For instance, on 3 July 2023, the rollout of 5G technology in India saw rapid growth with the deployment of 2.7 lakh (270,000) 5G sites within nine months. The Indian government has been supportive of the rapid deployment of 5G technology. Policies and regulatory measures that facilitate the rollout of 5G networks, including the allocation of spectrum and reduction of bureaucratic hurdles, have played a crucial role. Under Atmanirbhar Bharat initiatives top telecom operators developed 4G and 5G designed.

Rising Collaboration Between Companies

Collaboration allows companies to pool their resources and expertise, accelerating technological advancements. Companies can jointly develop and innovate new microwave transmission equipment, leading to faster product development cycles and staying competitive in the market. Collaborative efforts can help companies enter new markets or expand their presence in existing ones. Partnerships with local companies or international alliances can provide access to a broader customer base and distribution networks.

For instance, on 15 February 2023, Tigo Tanzania and Ericsson partnered to launch 5G services in Dar Es Salaam, Dodoma and Zanzibar while modernizing and expanding the existing 4G network across Tanzania. Ericsson is upgrading Tigo Tanzania's 4G network using Radio Access Network (RAN) products and microwave solutions, increasing network capacity and reliability. They will also deploy AI-enabled Cognitive Software for network optimization, ensuring high performance and user experience.

Technology Advancement

Advancement in technology that use higher frequency band, advanced modulation schemes and beamforming techniques that improves spectrum efficiency which allows transmission of data over the available spectrum. Microwave technology is evolving to provide resilient and redundant network architectures, ensuring high availability and fault tolerance. Regulatory changes and spectrum allocation decisions can significantly impact the growth of microwave transmission technology. Manufacturers need to adapt to evolving regulatory requirements.

For instance, on 30 August 2023, Chinese scientists achieved a significant breakthrough in submarine detection technology by successfully testing the world's first submarine-detecting device based on next-generation terahertz communication technology and this innovative device utilizes terahertz waves, which operate between microwave and infrared radiation frequencies, to detect minuscule surface vibrations caused by low-frequency sound sources beneath the open sea.

Limited Range and Signal Vulnerabilities

Microwave signals travel in straight lines, requiring an unobstructed line of sight between the transmitting and receiving antennas. Any physical obstacles like buildings, mountains or tall vegetation can disrupt the signal, limiting the range and coverage. Microwave signals are typically limited to relatively short distances, especially in the Earth's atmosphere. As frequency increases, atmospheric absorption and scattering become more significant, reducing signal range.

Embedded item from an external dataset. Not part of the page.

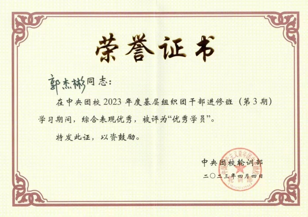 培训期间,郭杰彬老师认真参与、积极投入,表现优异,获评“优秀学员”,这生动展现了beat365团干部良好的职业素养和精神风貌。郭杰彬表示,此次培训使他在理想信念、初心使命、担当作为等方面接受了一次全方位的政治淬炼。
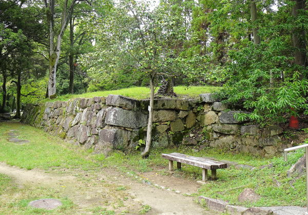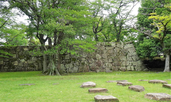 ![]() 東小天守跡 右側部分が東小天守台、左側は天守閣に連結している。手前は、旧天守閣の礎石です。 |

Microwave bands used for communication are shared with various other services and applications. Interference from other microwave sources, weather conditions or atmospheric phenomena can degrade signal quality and reliability. Microwave signals can be vulnerable to interception, especially in urban environments where eavesdropping equipment can be more easily concealed. Encryption and security measures are essential to protect sensitive data transmitted via microwaves.

Segment Analysis

The global microwave transmission equipment market is segmented based on network technology, component, frequency band, mounting, application and region.

Adoption of Hybrid Microwave Boosts the Market

Hybrid microwave is expected to be the dominant segment with about 1/3rd of the market during the forecast period 2023-2030. The rising demand for high-speed data transmission and connectivity is a significant growth factor. Hybrid microwave systems can provide the required bandwidth and low-latency connectivity. The rollout of 5G networks is a major driver for hybrid microwave systems. 5G networks require a dense network of small cells for effective coverage and microwave backhaul solutions can efficiently connect these small cells to the core network.

According to a paper published in Harvard in 2022, the research introduces a novel approach to signal conversion between optical and microwave frequencies using a time-varying and programmable metasurface integrated with a high-speed photoelectric detection circuit. The primary objective is to convert a light-intensity signal into two microwave binary frequency shift keying signals. An optical signal is directed toward the metasurface-based transmitter to initiate the conversion process.

Geographical Penetration

Adoption of High Capacity Microwave Communication in 5G Networks in Asia-Pacific

Asia-Pacific is the dominant as well as fastest growing regions in the global microwave transmission equipment market covering around 1/3rd of the market in 2022. The region witnessed an increment in mobile data traffic with the adoption of smartphones and the growth of 4G and 5G networks. The fronthaul and backhaul components of 5G networks frequently involve microwave technology, which fuels the demand for microwave transmission equipment.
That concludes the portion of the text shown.